Generally, the Takeover Code does not permit announcements about a mere intention to make an offer. In the event of a leak of information, a "possible offer announcement" may however be made. Such announcement must clearly state it is not a formal announcement of an offer, the reason as to why it is being announced and when a formal announcement can be expected. In practice, announcements in the event of a leak are generally made by the target company itself, without disclosing the identity of the potential offeror.
If there are rumours or leaks that a potential offeror intends to launch a public takeover offer, the Securities Council may force an announcement which could lead to an early disclosure and possibly an acceleration of the preparations by an offeror.
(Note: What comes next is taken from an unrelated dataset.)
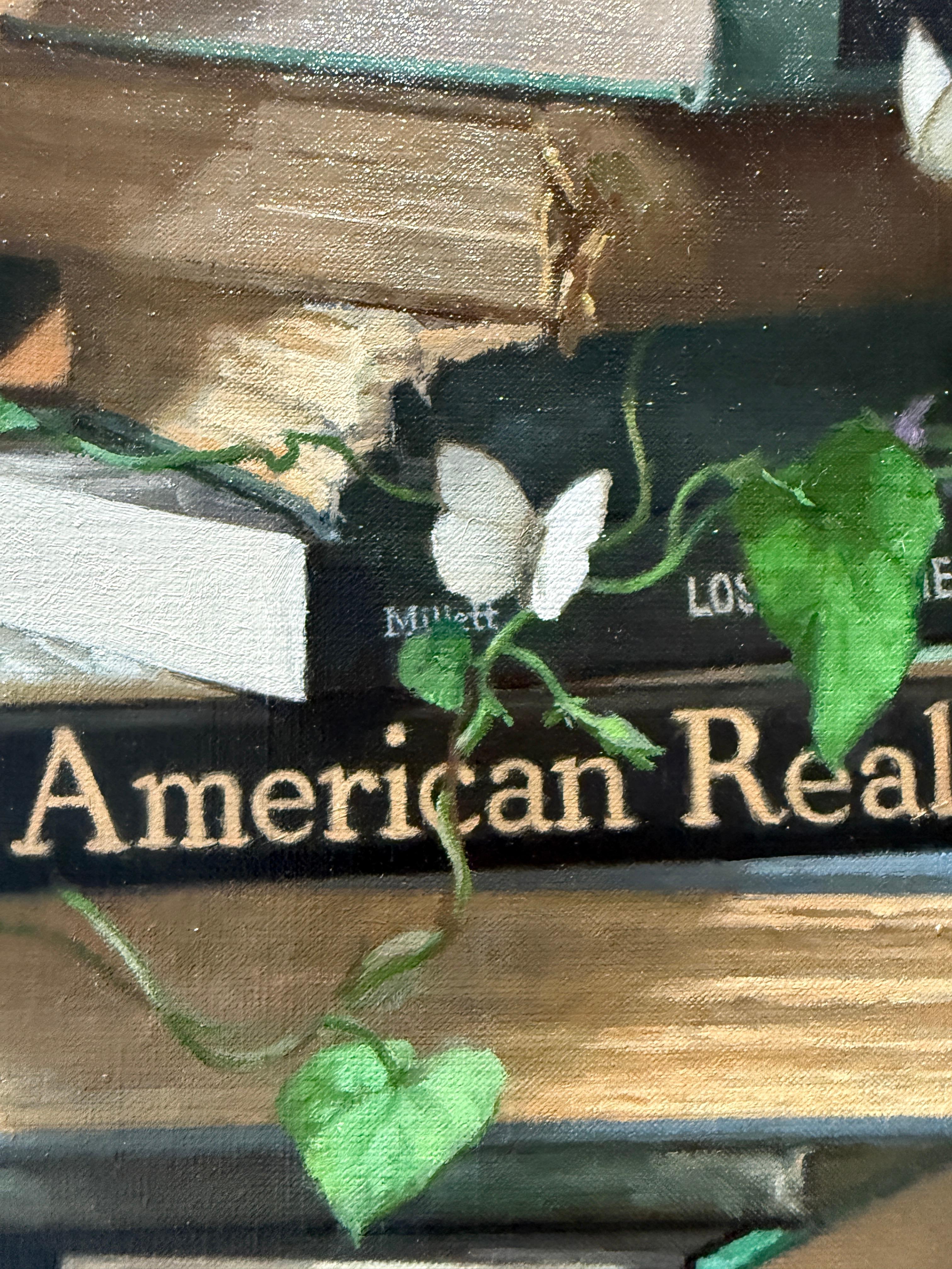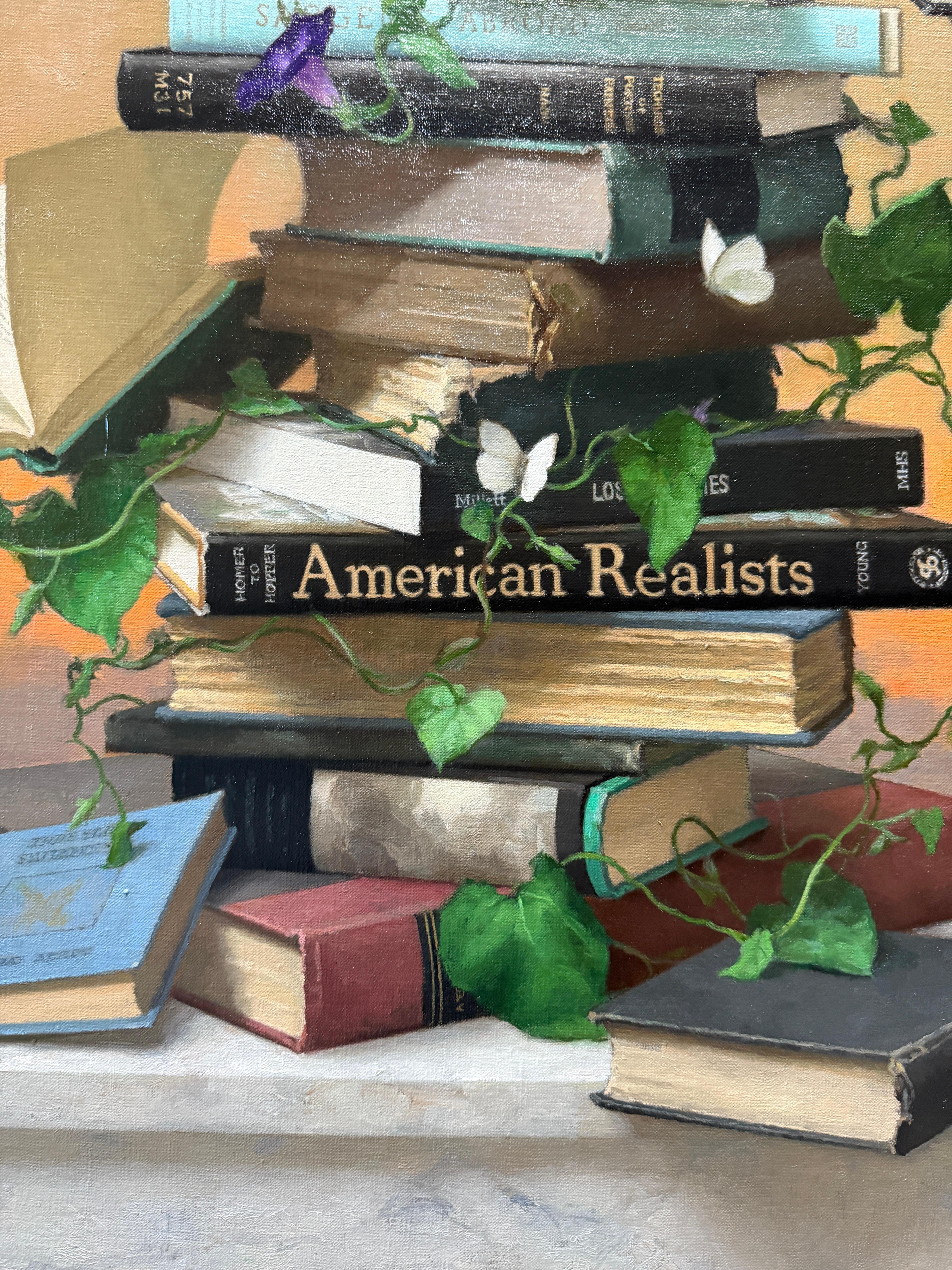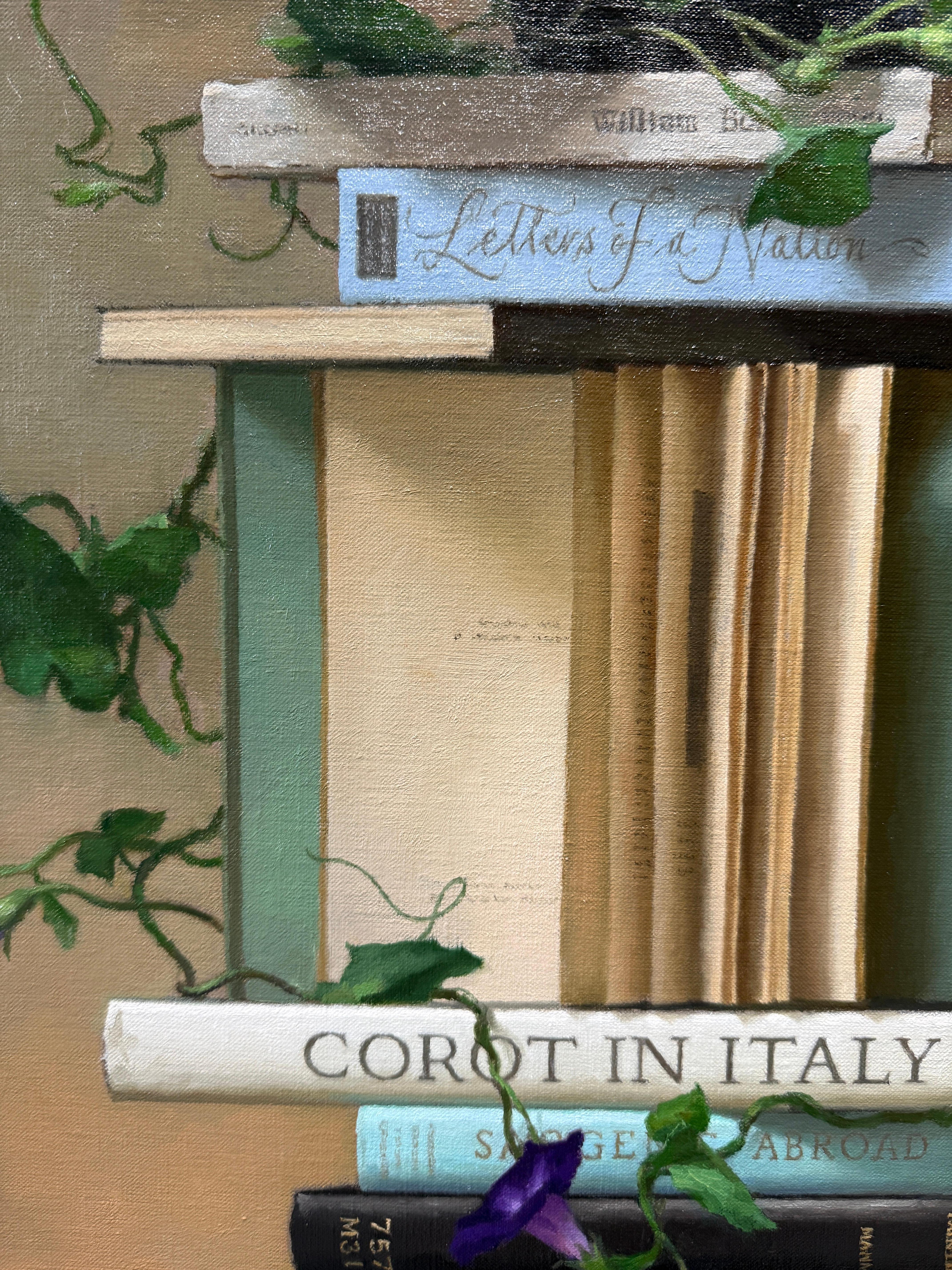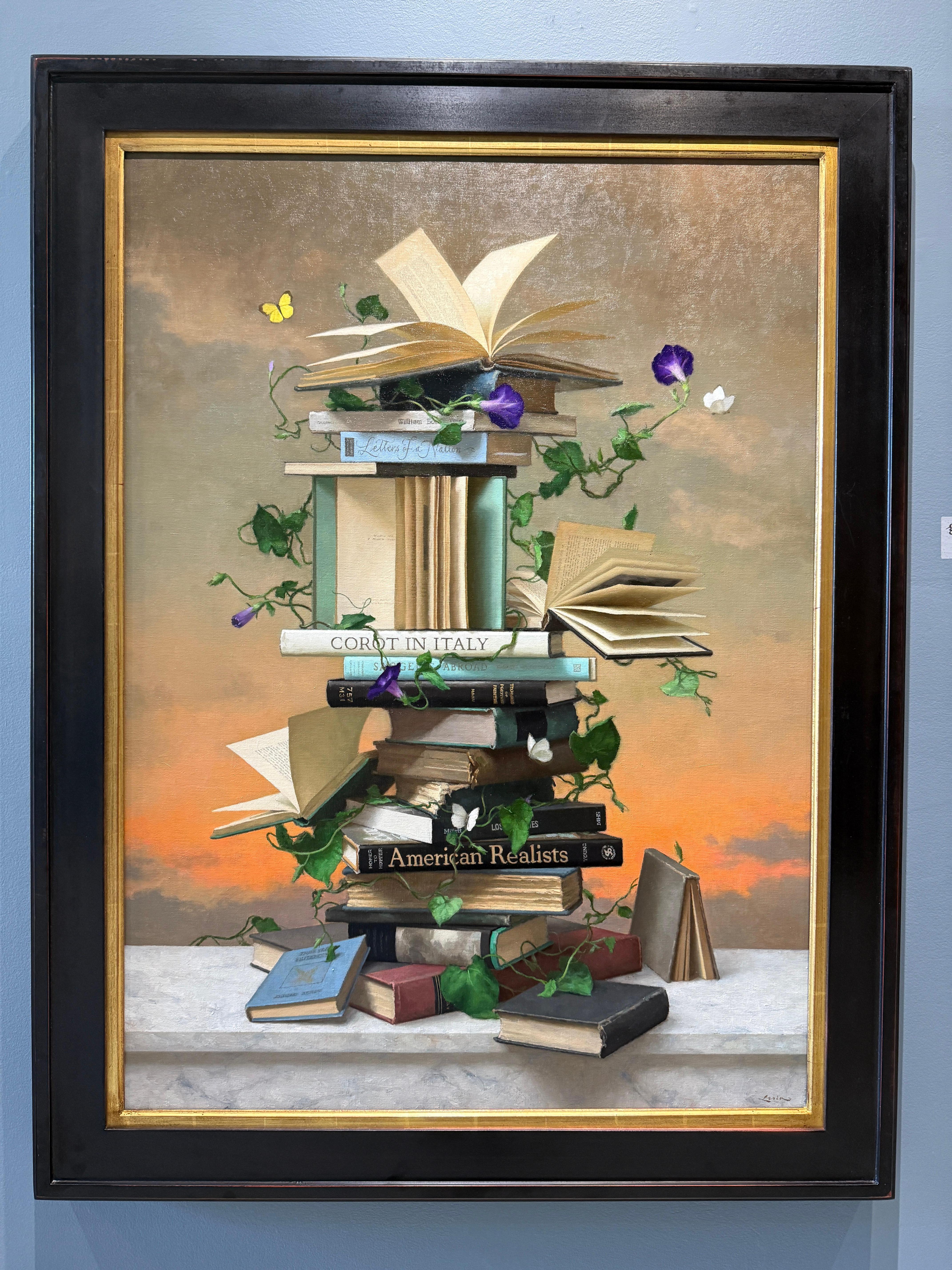 Das neunte "Books and Butterflies"-Gemälde von Steven Levin und das einzige noch verfügbare aus dieser Serie wurde im August 2025 an unsere Galerie geliefert. Ein sorgfältig gemaltes Stillleben mit einem Turm aus übereinander gestapelten Büchern. Viele kunsthistorische Bücher, einige Titel: "Amerikanische Realisten" "Corot in Italien" "Sargent im Ausland" sowie amerikanische Geschichte, wie im Buchrücken "Letters of a Nation" zu sehen. Ein orangefarbener, dunstiger Himmel bildet die Kulisse für dieses Stillleben, das ziemlich surreal wirkt. Es gibt keine Landschaft, nur den Himmel. Wir befinden uns oberhalb des Horizonts; die Bücher stehen auf einem Sims aus feinem Marmor. Veilchen und Efeuranken winden sich um den Bücherturm und laden Schmetterlinge ein.

If an offeror has been compelled to make such early disclosure, the Securities Council may decide that a takeover offer must be announced within a certain period of time or that the offeror must otherwise refrain from making a takeover offer.
It should be noted that the rules regarding insider dealing and market abuse according to MAR, including the prohibition on the manipulation of the target company's share price e.g. by creating misleading rumours, are applicable prior, during and after a takeover offer.
Similarly, the rules regarding disclosure of changes in major shareholdings in listed companies on a regulated market ("Transparency Rules") set forth in the Trading Act also apply should a potential offeror start building up a stake in the target company prior, during and after a takeover offer. Such potential offeror will be obliged to announce its stake if the voting rights attached thereto have passed an applicable disclosure threshold, which are; 5%, multiples of 5% up to 30%, and 50%, 66 2/3% and 90% thereafter.